James Murray tells a story for a small crowd at the ORL Salmon Arm branch on Saturday, Feb. 25.

Column: Searching for the right pair of socks

By James Murray, Observer contributor

If there is no such thing as a bargain, then it only follows that you get what you pay for.

Needless to say, over the years I have learned the significance of both adages the hard way. Which sort of brings me to my point. For several weeks now I have been looking for a good pair of hiking boots and, in the process of searching for the right boots, I’ve also found myself searching for the right outdoor socks.

I learned a long time ago that a pair of good quality, comfortable, properly fitting pair of socks is probably one of the most important pieces of outdoor gear you can have when venturing into the wilds. Take my word for it, nothing can ruin a walk in the woods or an extended outdoor adventure more than blisters – and all for the want of a good pair of socks.

Over the last two decades, modern ‘sock technology’ has evolved to the point where one can now purchase a multitude of socks, made of both natural and synthetic materials, designed for various types of specific activities.

Having said that, wool still comprises a significant percentage (25 to 85 per cent) of the fabric used in making many of these socks. Most sock manufacturers list the percentage of materials used right on the packaging. Silk is another natural fibre commonly found in socks. Silk wicks moisture and provides a smooth feel, which also makes it ideal for outdoor walking wear.

Not all natural materials, however, are good fibres for socks. Avoid socks containing large quantities of cotton as it is a poor insulator and retains moisture. The latter trait is what leads to hotspots (friction areas on your feet) when you’re walking that can ultimately lead to blistering. Cotton socks are a recipe for disaster.

More often than not, synthetic fibres and materials are added to enhance a sock’s comfort, as well as increase insulation, moisture-wicking ability and cushioning. Some of the more common synthetic fibres used in socks are polyester, which has both moisture wicking and quick-drying properties; acrylics, which provide good insulation, feel soft next to the skin and wick moisture well; and nylon, which gives elasticity as well as strength to socks.

When selecting socks, a good rule of thumb is to match the weight of the sock to the type of walking/hiking you will be doing and the weight of your walking shoe or hiking boot.

For example, a lightweight sock will compliment lighter walking shoes on easy trails for a few hours of walking or hiking. Harder trail types require mid-weight socks, while heavy socks are what’s wanted for rough and difficult terrain when hiking for several hours.

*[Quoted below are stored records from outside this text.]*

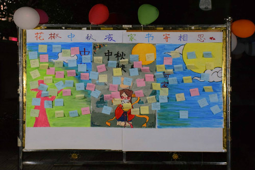 “家人团圆,双节快乐!”海报墙上,一封封亲笔写下的家书也寄托着小花椒们的乡愁,“中秋虽然不能回家,但希望姥姥姥爷可以开心地过中秋。”小小的便利贴上,字里行间是对家人的寄语、对未来的期愿。
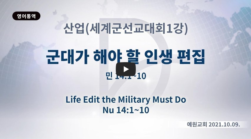 2022년 10월 4일(화) 분류 산업선교- 2021 세계군선교대회 제목 제1,2,3RUTC응답의 현장(38)-(세계군선교대회1강) 군대가 해야 할 인생 편집 성경 민수기 14:1-10 일시/장소 2021년 10월 9일, 예원교회(온라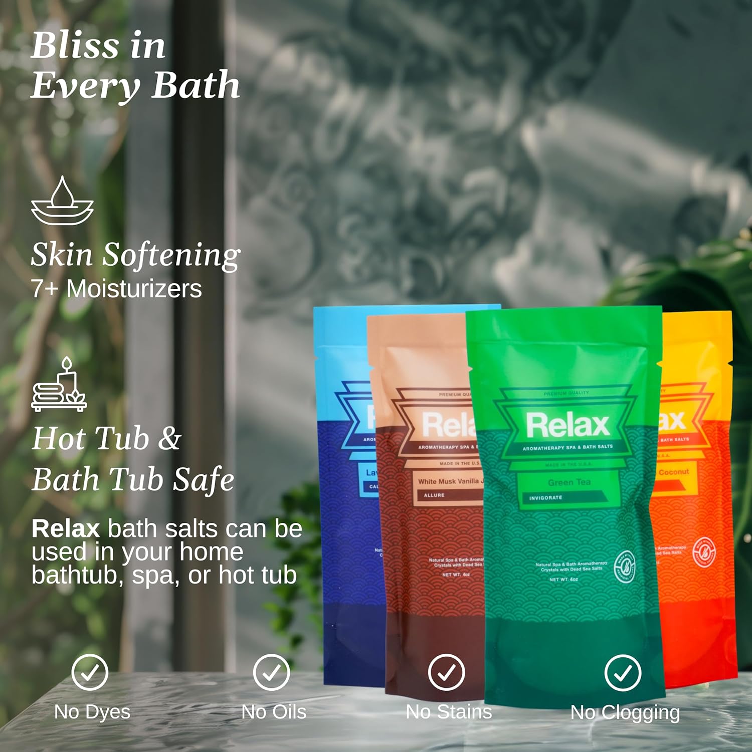 - MADE IN THE USA WITH PRESS-LOK SEAL: Proudly crafted by Relax Spa & Bath, each pack is sealed with our intuitive PRESS-LOK closure for spill-resistant storage that keeps every soak fresh and ready to indulge.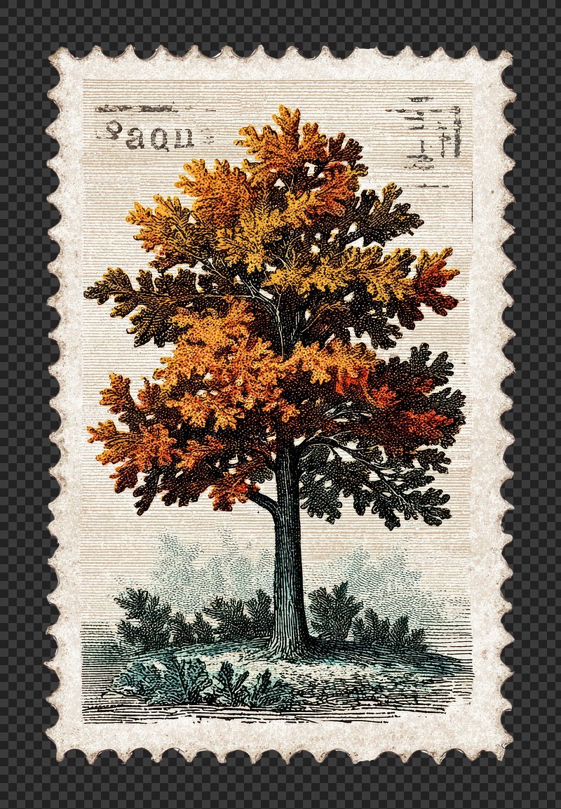 PNG Autumn oak tree vintage postage stamp. https://www.rawpixel.com/image/19170208/png-autumn-oak-tree-vintage-postage-stampView license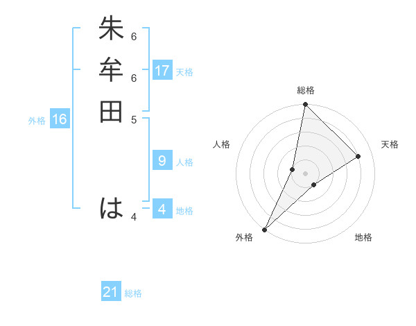 朱牟田 はさんを姓名の画数から五運を鑑定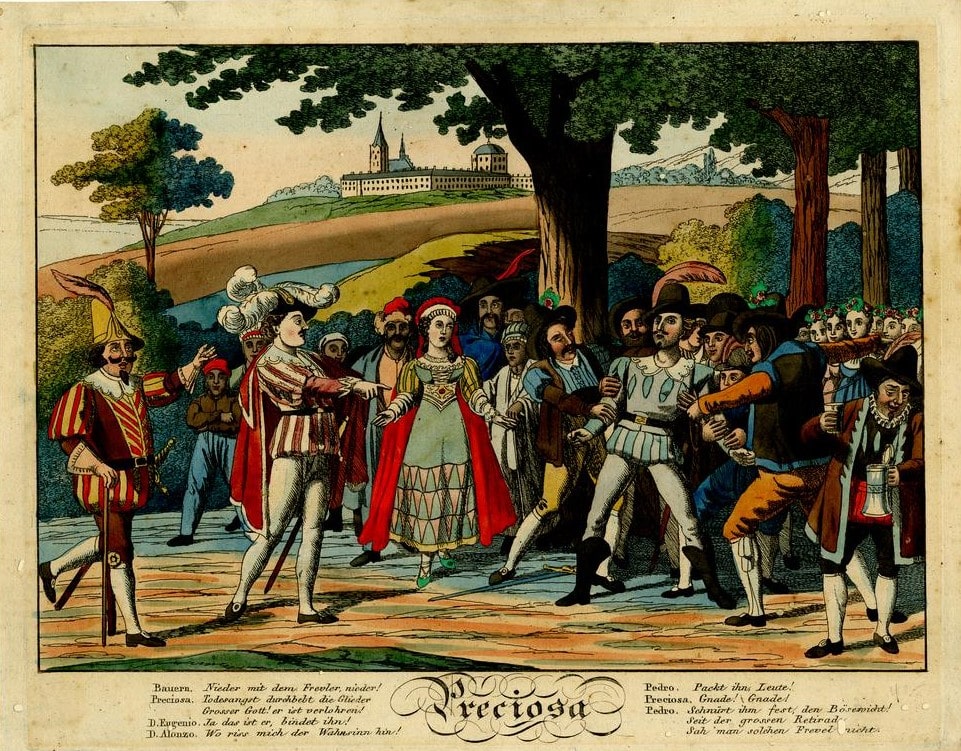 En Espagne. Un jeune noble tombe amoureux d’une belle gitane et se joint à sa bande afin de pouvoir rester auprès d’elle. On découvrira par la suite que Preciosa est elle-même d’origine noble : aucun obstacle ne s’opposera plus alors à leur union.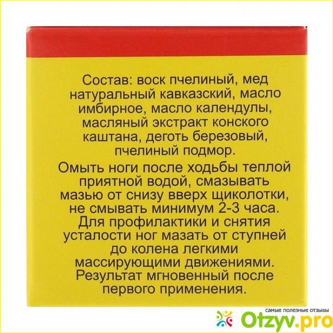 В нем содержатся: пчелиный воск, натуральный кавказский мед, пчелиный подмор, березовый деготь, масло имбирное, масло календулы, масляный экстракт конского каштана.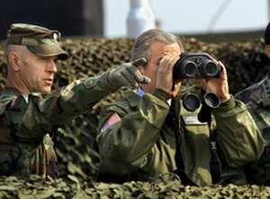 布什視察都羅山車站 稱南北鐵路是和平之路(圖) 2002年02月20日 14:41 ![]() 布什在非軍事區(qū)用望遠鏡觀望朝鮮一側(美聯社) 中新網北京2月20日消息:韓國總統(tǒng)金大中和來訪的美國總統(tǒng)布什今天視察都羅山車站。這個車站是金大中希望連接平壤和漢城的鐵路線的北終點站。 據韓國聯合新聞社報道,金大中希望借此舉來敦促朝鮮對恢復對話的呼吁作出回應。 在上午的首腦會談中,兩國總統(tǒng)就聽取了這項連接南北的鐵路工程的進度情況簡報。 在舉行聯合記者招待會后,布什乘直升飛機花費二十分鐘抵達非軍事區(qū)。這個二點五英里寬,一百五十一英里長的區(qū)域布滿地雷,分界線兩側駐扎著將近朝韓兩百萬軍隊。 美國在韓國保持有三萬七千人的駐軍。布什在抵達時向一名指揮官威廉·米勒中校敬禮致意。 布什在都羅山車站發(fā)表講話。他說:“我們今天相聚在這里,周圍是朝鮮半島和平與穩(wěn)定受到挑戰(zhàn)時的遺跡。金大中總統(tǒng)剛才向我介紹了一條他修建的道路--一條和平之路! 據路透社報道,布什敦促朝鮮對韓國開放邊境。他說:“這條鐵路可能將這塊分裂的土地兩側的人民帶到一起來。為了朝鮮半島全體人民的福祉,朝鮮應該完成它! 布什在非軍事區(qū)的講話強硬的措詞中也顯示出靈活性。他甚至在談及朝鮮時仍使用了“邪惡”這個字眼,但他同時也重申了朝鮮對話的建議。 在一個觀察哨所里,布什身穿一件手臂上繡有美國國旗的綠色軍用夾克,通過雙筒望遠鏡從壘著沙袋的地堡內觀察朝鮮一側。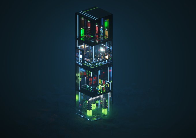 I’m super proud to have collaborated with Artchanny on this latest project! We did one floor at a time then handed it off and built on the last one 😎 #voxelart #magicavoxel #magicavoxelcommunity @ephtracy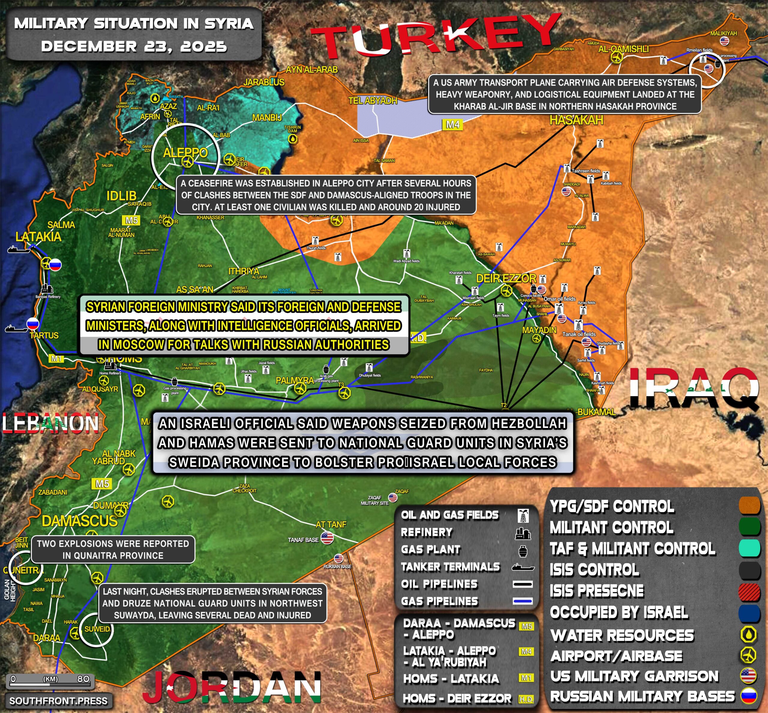 - A US Army transport plane carrying air defense systems, heavy weaponry, and logistical equipment landed at the Kharab al-Jir base in northern Hasakah province;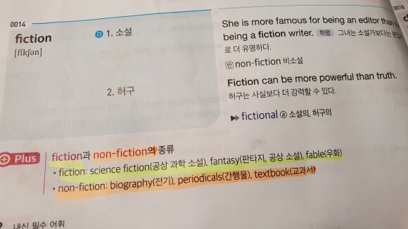 fiction : science fiction(공상 과학 소설), fantasy(판타지, 공상 소설), fable(우화)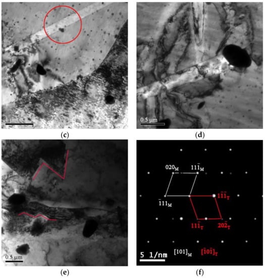 The BF and SAED of the twins of the studied alloy under different annealing temperatures: (a,b) 873 K and (c–e) 973 K; (f) the SAED of twins for the circular selection region in (c).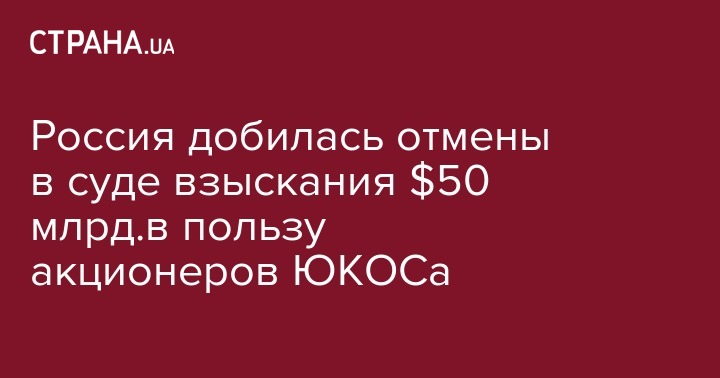 Окружной суд Гааги отменил решение о выплате Россией в пользу экс-акционеров "ЮКОСа" компенсации в размере $50 млрд. Об этом сообщает "Интерфакс" со ссылкой на представителя в суде Гааги.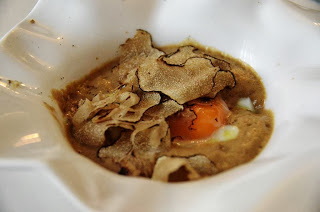 Y un huevo poché con espuma de boletus y trufa. Versión de los huevos en sartén que prepara Abraham García en Viridiana. ¡Muy rico!.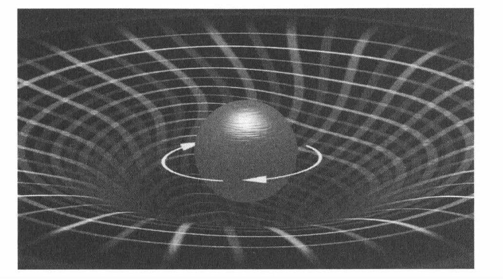 图14.1 有质量的旋转物体会拖曳其周围的空间——可以随便放入任何东西的框架。

When buying a pair of socks, look for extra cushioning in the areas where your feet tend to get sore such as the heel or toe. If your feet rub against the tongue of your boot, causing discomfort, look for extra padding on the instep of a sock. Matching socks and boots can also reduce the chance of twisting an ankle.

Quite simply, you only get what you pay for when it comes to walking/hiking/outdoor socks.

They can be expensive though. Specialized outdoor activity socks can run anywhere from $20 to $50 and up. I know that a pair of good quality, well-knitted, comfortable, properly fitting socks made of alpaca wool will run me at least $30 or more, but the way I look at it, either I pay the price now for the right socks or I pay the price later by having to cope with blisters.

Having said all this about high end, high quality outdoor socks, there are some socks that you can get by with that cost less. I have a thing for plush, high bulk yarn socks. You know the ones that feel like they have a soft fleece inside.

They cost about $10 a pair and are absolutely amazing to walk in when they are new. The problem is the plush feeling doesn’t last all that long and they wear out in a short amount of time. After that they are garbage. There are no bargains.

All I know for sure is that I’ve had to save up for new boots, which will probably cost a couple of hundred dollars if not more, so I don’t really see any point in scrimping when it comes to the socks.